Three years ago on a seemingly normal day, my world was turned upside down. I will always remember November 9th 2015 in vivid detail. It was and still is the worst day of my life. That was the day my family and I lost quite possibly the greatest man I have ever known, my papa. I remember everyone saying how sorry they were for our loss. I remember everyone saying he is in a better place. However, the phrase I remember most of all was that in time it will be okay. I can tell you this right now, no amount of time will make the pain of losing someone so important 'okay'. When you lose someone who meant the world to you, time will never ease the hole in your heart where that person once was. The void is always there it just becomes more bearable to live with. Now I want to share three lessons I have learned the past three years.
THERE IS NO TIME LIMIT ON GRIEVING
Grieving is not a set process. It is not going through the stages of grief and then after that the grieving is over. I have personally gone through the stages of grief multiple times. Also you may feel okay for a little while and then suddenly you feel the absence of them. You are not limited to how long you can grieve, it is okay to grieve as long as you need. Do not let anyone tell you differently, everyone will grieve differently.
IT DOESN'T GET EASIER
Hear me out, I'm not saying you will never be happy again. I am saying that the void that is caused by the loss of a loved one is always there. There are many times throughout each year since my grandpa died that I wished he was there for. Every time something huge happens my first instinct is still wanting to tell my papa. Every huge event he is not there for is still hard and has not gotten easier. Holidays are still not the same as they used to be. In the back of my mind I still dread them, because I still think my papa should be here celebrating with us. However, it does become bearable. There will be a new normal to your life without even realizing it at first. You aren't going to be sad forever, you will miss them forever, but you will be able to live your life as normally as you can again.

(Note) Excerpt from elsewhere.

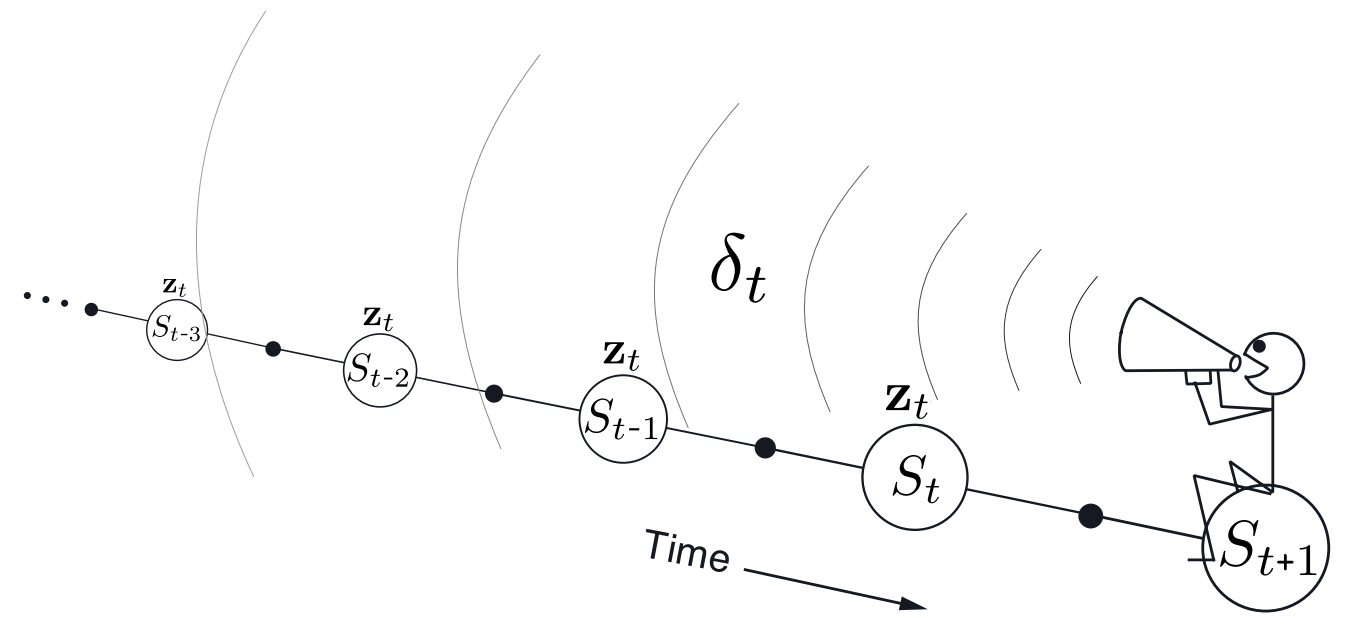 TD(\(\lambda\)) 是 backward 的,即,每个时刻得到新的 TD error 后,又依据它对之前 states 的 eligibility trace 作一些调整,如下面示意图所示。

DON'T TAKE ANYTHING FOR GRANTED
This is the lesson I feel is the most important. When I say don't take anything for granted, I mean do not take anything for granted. Not the little phone calls you have with your grandparents, not when you're sitting with your grandpa and he is watching a news channel you have no interest in, not when your grandparents comes to all of your events; and tell you that they thought you were the best out there (they mean it by the way), not when your grandparents make you a home cooked meal, not even watching football after Thanksgiving, not when your grandpa stays up talking to you for hours, and never take for granted how much they love you. These things may seem little now but believe me it's the little things you remember when you are missing them. Everyone takes things and people for granted without even realizing it. I urge you to try your hardest not to take these things for granted. Take advantage of these things instead. Don't leave anything unsaid or to a what if. Take time to call the people you love and hear their voice, thank them for everything they have done for you. One day you may not have that luxury to do so. So call the people you love while you can and as often as you can.
TO MY PAPA
It does not feel like three years without you, I feel like it was just yesterday when I received my last hug from you. I wish I had cherished it more at the time, I just assumed I would see you in maybe a month or less like always. I never once thought I would see the day that we would have to live without you. You were my hero, in my eyes you seemed invincible. You were also my best friend, I could tell you anything. You always knew what to say, you reminded me I was more than a problem, a grade, and whatever I was worried about at that time. You taught me to see the best in everyone. You taught me generosity and what it was like to have Christ-like love. I miss you everyday still to this day. I hope I make you proud. I will always love you Papa.